Focus on Specific Playlists from Custom File
python download_karaoke.py --songlist-focus "CCKaraoke" --songlist-file "data/my_custom_songlist.json"
Force Download from Channels (Bypass All Existing File Checks)
python download_karaoke.py --songlist-focus "2025 - Apple Top 50" --force
Download with Fuzzy Matching
python download_karaoke.py --songlist-only --limit 10 --fuzzy-match --fuzzy-threshold 85
Download Latest N Videos Per Channel
python download_karaoke.py --latest-per-channel --limit 5
Download Latest N Videos Per Channel (with fuzzy matching)

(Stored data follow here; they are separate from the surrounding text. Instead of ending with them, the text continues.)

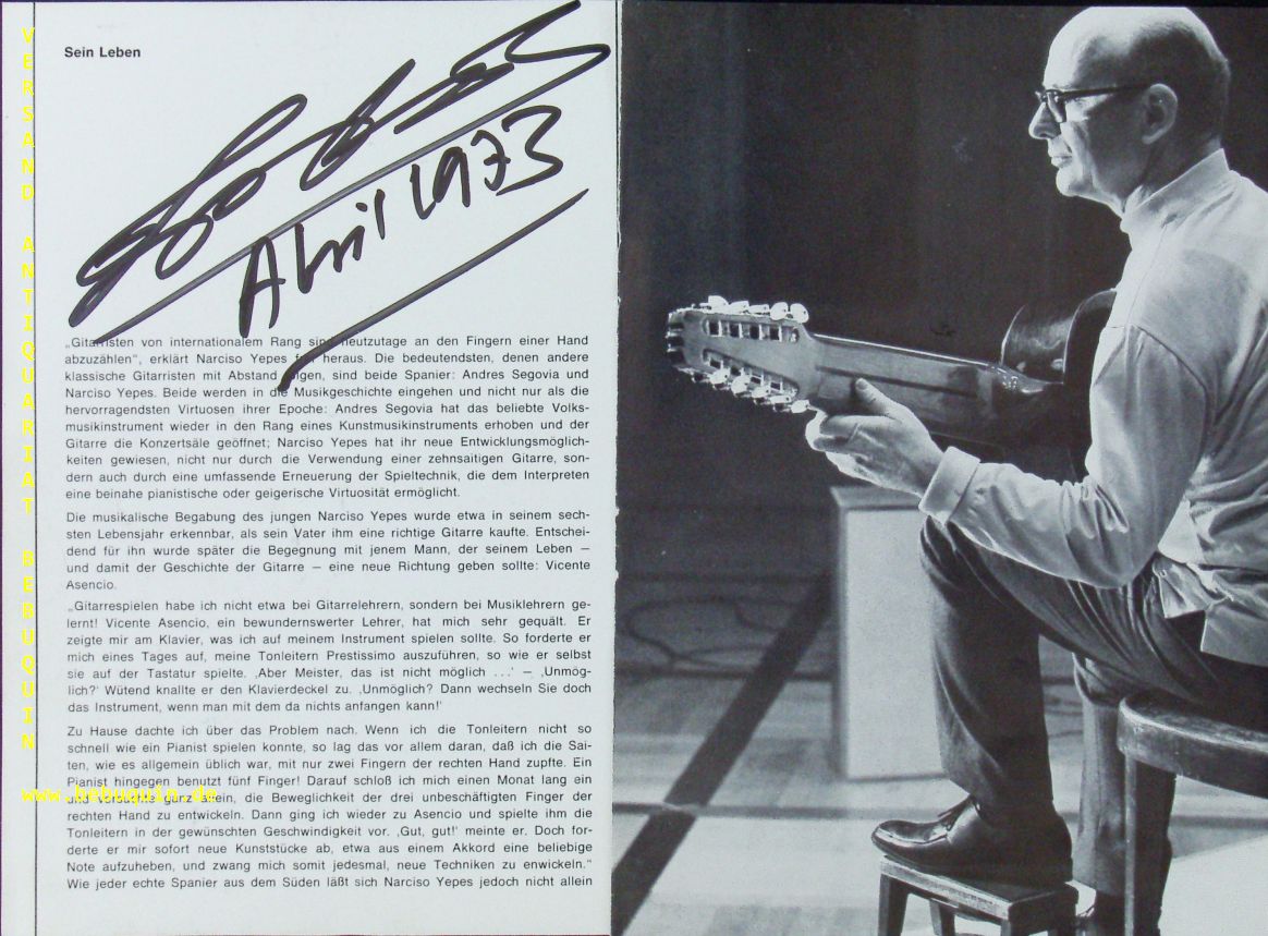 YEPES, Narciso (Gitarrist): zweimal eigenhändig signierte und datierte Programmseiten. München, 4.4.1973 3 Bl. Narciso García Yepes (* 14. November 1927 in Lorca; † 3. Mai 1997 in Murcia) war ein spanischer klassischer Gitarrist, Lautenist, Arrangeur und Komponist. Mit Andrés Segovia und Miguel Llobet gehört er zu den größten Gitarristen Spaniens. Er spielte auf einer zehnsaitigen Gitarre, welche er mit dem Gitarrenbauer José Ramírez III entwickelte. 1952 arrangierte er die Musik zum Oscar-prämierten Film Verbotene Spiele (Jeux interdits). (Wikipedia)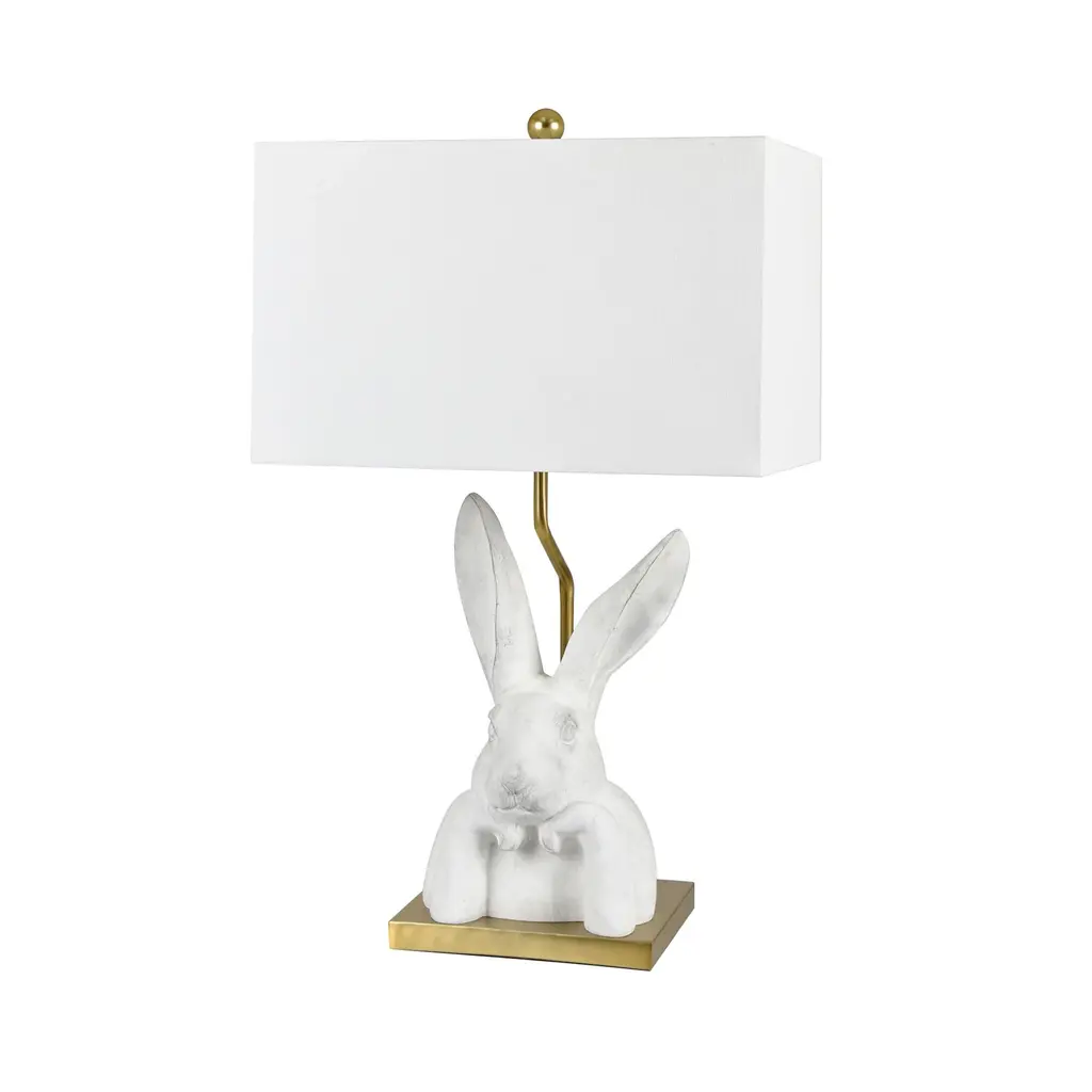 Hop into a world of whimsy with this delightful bunny-inspired table lamp. The resin body showcases a charming bunny bust, finished in a chalky white texture that adds rustic charm. Perched on a rectangular base with a glided gold finish, it’s the perfect blend of playful and elegant. Topped with a crisp white rectangle linen shade with a polyester interior and rolled edges, this lamp is both stylish and functional. Complete with a brass-tone turnkey socket and a 72-inch clear cord, it’s a hare above the rest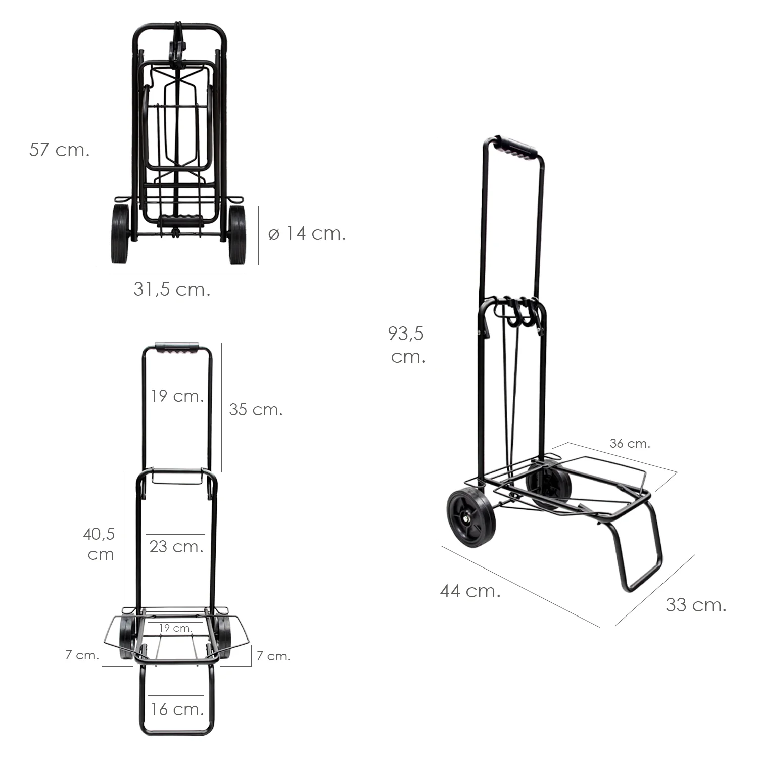 Carretilla Plegable Metalica De Carga – Porta Maletas Con Cuerda Elastica 93,5x33x44 cm. Carro De Transporte 50 Kg.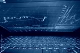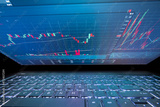 Laptop screen with stock market charts. Technical analysis and fundamental indicators of stock quotes in the trading terminal. Japanese candlesticks and company tickers.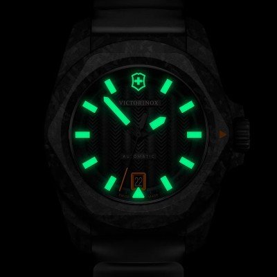 Este relógio Victorinox tem uma caixa de Carbono com um diâmetro de 41 mm e está equipado com uma bracelete de borracha. A caixa possui um movimento Sellita e o relógio tem um vidro Safira.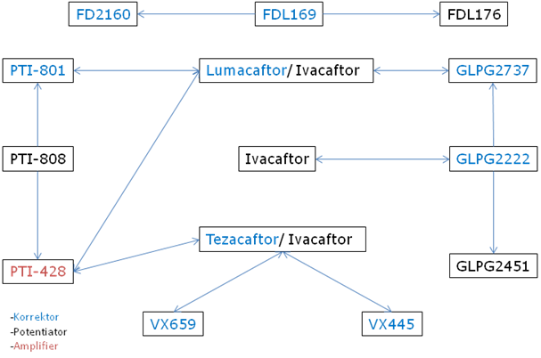 Galapagos NV setzt dabei auf eine Kombination von frühen und späten Korrektoren mit einem Potentiator so Katja Conrath in ihrem Vortrag. Die so genannte FALCON-Studie, eine open-label Studie mit der ersten Galapagos-Dreifachkombination, läuft gerade. Erste Ergebnisse werden für Ende des Jahres erwartet. Ob sich die Wirkung des Potentiators Ivacaftor bei den seltenen Gating-Mutationen (z.B. G551D) weiter verbessern lässt, untersuchte Galapagos NV in der ALBATROSS-Studie: Der Chloridwert im Schweiß konnte durch die zusätzliche Einnahme von GLPG2222 weiter deutlich reduziert werden; ein klarer Effekt auf die Lungenfunktion ergab sich in der Studie jedoch noch nicht. Der späte Korrektor GLPG2737 wird bei Patienten mit zwei F508del-Mutationen in Kombination mit Lumacaftor/Ivacaftor in der so genannten PELICAN-Studie untersucht. Erste Daten hierzu sollen in Kürze veröffentlicht werden. Galapagos gab inzwischen bekannt, dass die PELICAN-Studie keine signifikante Verbesserung der Lungenfunktion bei Kombination von GLPG2737 mit Lumacaftor/Ivacaftor zeigen konnte. Laut Conrath untersucht Galapagos NV derzeit die beiden Potentiatoren GLPG2451 und GLPG3067 sowie die frühen Korrektoren GLPG2222 und GLPG2851 und die späten Korrektoren GLPG2737 und GLPG3748.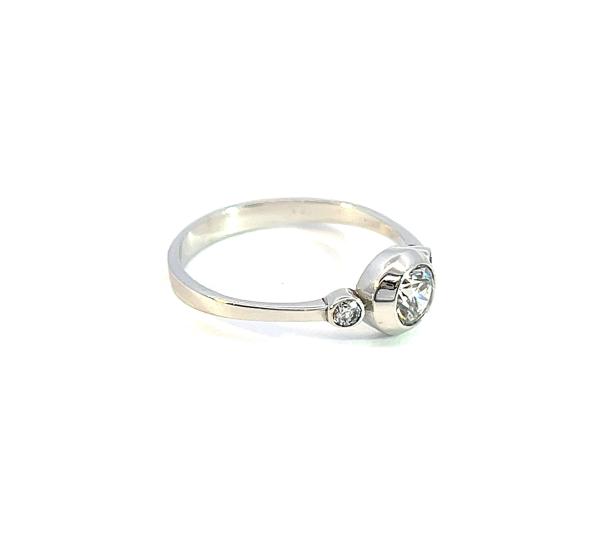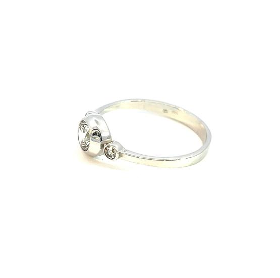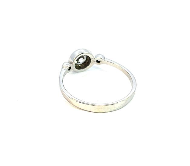 Prsten z bílého zlata o ryzosti 585/1000, punc labuť. Velikost 57, váha 2,36 g, v nejširším bodě 7 mm.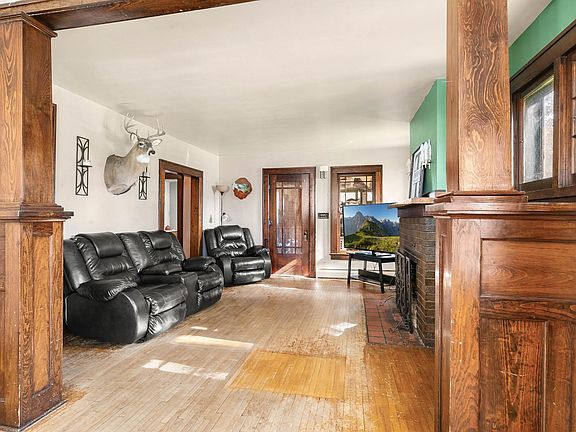 One of a kind opportunity to own a piece of Swanville history. This cute bungalow is nestled on a double lot, with a decent sized garage and house that are waiting for your ideas and handiwork. Built in 1891, 2 years before the Village of Swanville was incorporated, this home has been apart of a lot of history. The original millwork and flooring are still intact, waiting for someone to breathe new life into them. This could be the perfect house to live in and work on while you fix it up. The floor plan is ultra functional and has sizable live spaces as well as main floor laundry. Three bedrooms and a bathroom can be found upstairs. This charming home has good bones and a prime location, (Midsummer Carnival in your front yard!!) it is looking for new owners to put some TLC into it and make it shine like new again!
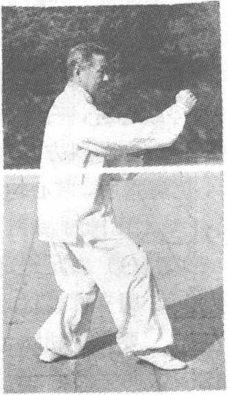 自上式,身体重心后移,右拳上提右前臂横置于胸前,拳 心向下;左掌自左下向前向上划弧上举至额前上方,同时左 足尖翘起,里扣135度,身体随之右转,重心再移于左腿;右 足收回随即向右前方迈出,足跟落地,同时右拳向胸前撇出, 拳心向上,肘部下垂,左掌下落抚于右前臂内侧,掌心向下, 76

python download_karaoke.py --latest-per-channel --limit 5 --fuzzy-match --fuzzy-threshold 85
Prioritize Songlist in Download Queue
python download_karaoke.py --songlist-priority
Show Songlist Download Progress
python download_karaoke.py --songlist-status
Limit Number of Downloads
python download_karaoke.py --limit 5
Override Resolution
python download_karaoke.py --resolution 1080p
Reset/Start Over for a Channel
python download_karaoke.py --reset-channel SingKingKaraoke
Reset Channel and Songlist Songs
python download_karaoke.py --reset-channel SingKingKaraoke --reset-songlist
Clear Channel Cache
python download_karaoke.py --clear-cache SingKingKaraoke
python download_karaoke.py --clear-cache all
🧠 Songlist Integration
- Place your prioritized song list in
data/songList.json(see example format below). - The tool will match and prioritize these songs across all available channel videos.
- Use
--songlist-onlyto download only these songs, or--songlist-priorityto prioritize them in the queue. - Use
--songlist-focusto download only songs from specific playlists by title (e.g.,--songlist-focus "2025 - Apple Top 50" "2024 - Billboard Hot 100"). - Download progress for the songlist is tracked globally in
data/songlist_tracking.json.
Example data/songList.json
[
{
"title": "2025 - Apple Top 50",
"songs": [
{ "artist": "Kendrick Lamar & SZA", "title": "luther", "position": 1 },
{ "artist": "Kendrick Lamar", "title": "Not Like Us", "position": 2 }
]
},
{
"title": "2024 - Billboard Hot 100",
"songs": [
{ "artist": "Taylor Swift", "title": "Cruel Summer", "position": 1 },
{ "artist": "Billie Eilish", "title": "Happier Than Ever", "position": 2 }
]
}
]
🛠️ Tracking & Caching
- data/karaoke_tracking.json: Tracks all downloads, statuses, and formats
- data/songlist_tracking.json: Tracks global songlist download progress
- data/server_duplicates_tracking.json: Tracks songs found to be duplicates on the server for future skipping
- data/channel_cache.json: Caches channel video lists for performance
📂 Folder Structure
KaroakeVideoDownloader/
├── commands.txt # Complete CLI commands reference (copy/paste ready)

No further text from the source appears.